What is and how does deep learning work within the neural networks that fuel today's technical intelligence?
Artificial Intelligence (AI = Artificial Intelligence) is a revolution in technology today, and the term implies the ability of a machine to reproduce a person's cognitive functions, such as learning, design and creativity.
Artificial intelligence enables machines to "understand" their environment, solve problems, and act toward a specific goal.
For example, the computer must understand the number of each handwritten symbol above. Do you find the problem simple and the answers correct? Some of the "correct" answers are questionable. See for example the second image from the left: is it really 7, or is it 4?
Here we move away from simple algorithms and enter something bigger that can meet the above requirement. The computer receives data (already prepared or collected through sensors, eg camera), processes it and responds based on its "experience" to handwritten texts. But how is this done?
Going beyond the original, simplistic methods of achieving artificial intelligence, technology now focuses on a technique called deep learning, which is powered by artificial neural networks.
Deep learning, neural networks? Strange words and meanings. The following is a graphical explanation of how these neural networks are structured and trained.
Definitions - Concepts
Machine Learning in computers explores the study and construction of algorithms that can learn from data and make predictions about it. Machine Learning is applied to a number of computational tasks, where both the design and the explicit programming of algorithms is impossible.
Thus algorithms in machine learning they do not tell the computer exactly what to do, but operate by constructing models from experimental data, in order to make predictions based on data or to make decisions that are expressed as the result.
Examples of applications are spam filters, optical character recognition (OCR), search engines, and computational vision.
Neural network architecture
Each neuron in an artificial neural network sums its multiple inputs and applies a function to determine its output. This architecture is inspired by what happens in our brain, where neurons transmit signals to each other through synapses.
Here is the structure of a hypothetical deep neural network ("deep" because it contains multiple hidden levels). This example shows a network that reads and interprets an image that contains a handwritten number and ranks it as one of the 10 most likely numbers.
The input layer contains many neurons, each of which has activated a gray scale value of a pixel on the image. These input neurons connect to the neurons of the next layer, transmitting their activation level after they multiply by a certain value, called weight. Each neuron in the second layer adds its many inputs and applies a function to determine its output, which is fed forward in the same way.
Deep Learning is a machine learning technique (there are many techniques that make up machine learning) in which several "levels" of simple processing units are connected to a network, one behind the other, resulting in the entry into the system passes successively through each of them.
This architecture was devised by modeling the processing of visual information in the brain, i.e. information that enters through the eyes and is captured by the retina, travels through the optic nerve and reaches the brain.
This depth allows the network to learn more complex structures, without the need for large, unrealistic amounts of data.
This kind of neural network is trained calculating the difference between her actual output and desired output (when of course we know in advance the right result).

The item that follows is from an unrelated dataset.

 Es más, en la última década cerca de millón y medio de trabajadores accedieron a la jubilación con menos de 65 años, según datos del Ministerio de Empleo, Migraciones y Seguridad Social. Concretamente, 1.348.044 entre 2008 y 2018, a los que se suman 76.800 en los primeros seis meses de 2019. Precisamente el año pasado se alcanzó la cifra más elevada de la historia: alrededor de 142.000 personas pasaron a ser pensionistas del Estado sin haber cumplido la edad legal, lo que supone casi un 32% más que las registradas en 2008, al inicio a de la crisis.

The problem of mathematical optimization has as many dimensions as the regulated parameters in the network, especially the weights of connections between neurons, which can be positive [blue lines] or negative [red lines].
Network training essentially finds a minimum of this multidimensional function of "loss" or "cost". This is done repeatedly on many training routes, gradually changing the state of the network.

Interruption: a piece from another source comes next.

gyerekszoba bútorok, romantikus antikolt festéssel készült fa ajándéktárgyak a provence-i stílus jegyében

In practice, this implies many small weight adjustments of the network based on the outputs calculated for a random set of input examples, each time starting with the weights controlling the output level and moving backwards through the network. (Only connections to a single neuron in each layer are shown here, for simplicity.)
This playback process is repeated in many random training instances until the loss function is minimized and the network then provides the best results it can for any new introductions.

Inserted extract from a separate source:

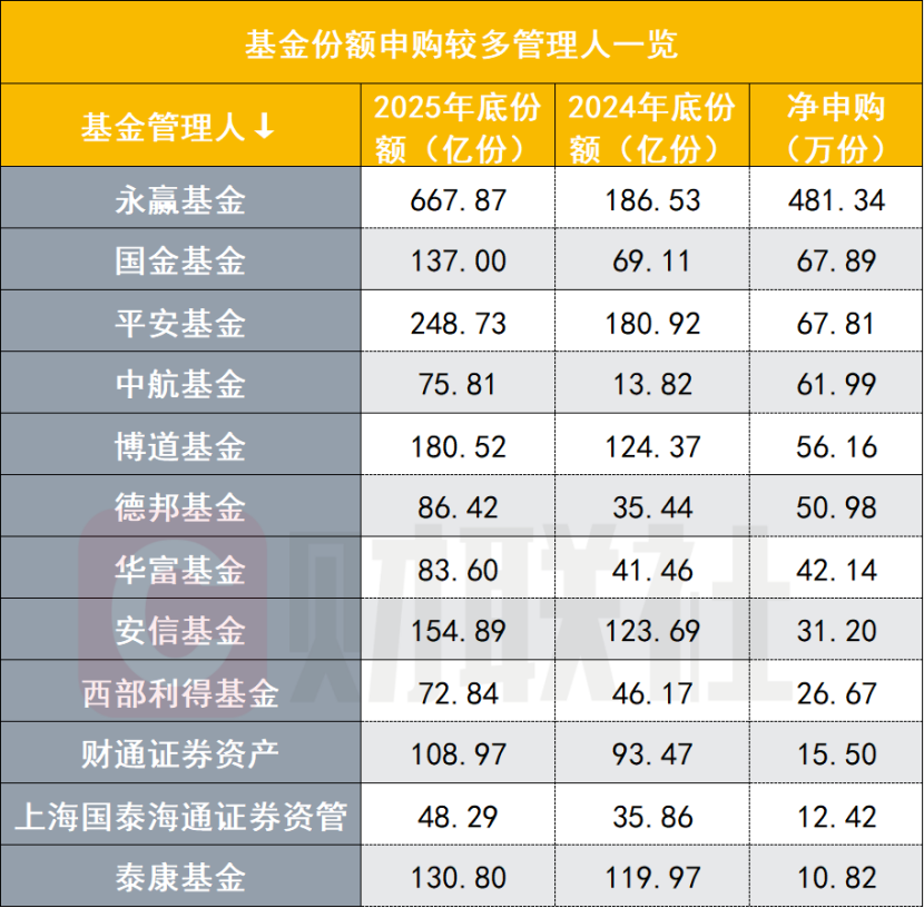 如果从基金份额变动来看,永赢基金旗下主动权益基金去年被申购最多,相关基金份额在去年增加481.33亿份,这也是主动权益基金管理人中唯一一家被净申购超百亿份的。

We understand that you may be a little confused, so let's look at the above example a little more explanatory. We train the computer to learn to distinguish the number 3 which is effortlessly written by hand.
|When a "3" script is displayed at the input, the output neurons of an untrained network will have random activations. The desire is for the output neuron associated with 3 to have high activation [dark shading] and the other output neurons to have low activations [light shading]. Thus, the activation of the neuron associated with 3, for example, must be increased [purple arrow].|
|To do this, the weights of the connections from the second hidden layer neurons to the output for digit "3" must be made more positive [black arrows], with the magnitude of the change being proportional to the activation of the connected neuron.|
|A similar process is then performed for the neurons in the first hidden layer (remember that we are training the steps backwards).|
For example, to make the network more accurate, the upper neuron at this level may need to reduce its activation [green arrow]. The grid can be pushed in this direction by adjusting the weights of its connections to the first hidden layer [black arrows].
|The process is then repeated for the hidden layer after entry. For example, the first neuron in this layer may need to have increased activation [orange arrow].|
By adjusting the weights of the neurons in this way we essentially configure the number 3 recognition algorithm and train the computer to be able to recognize any other 3 given to it later.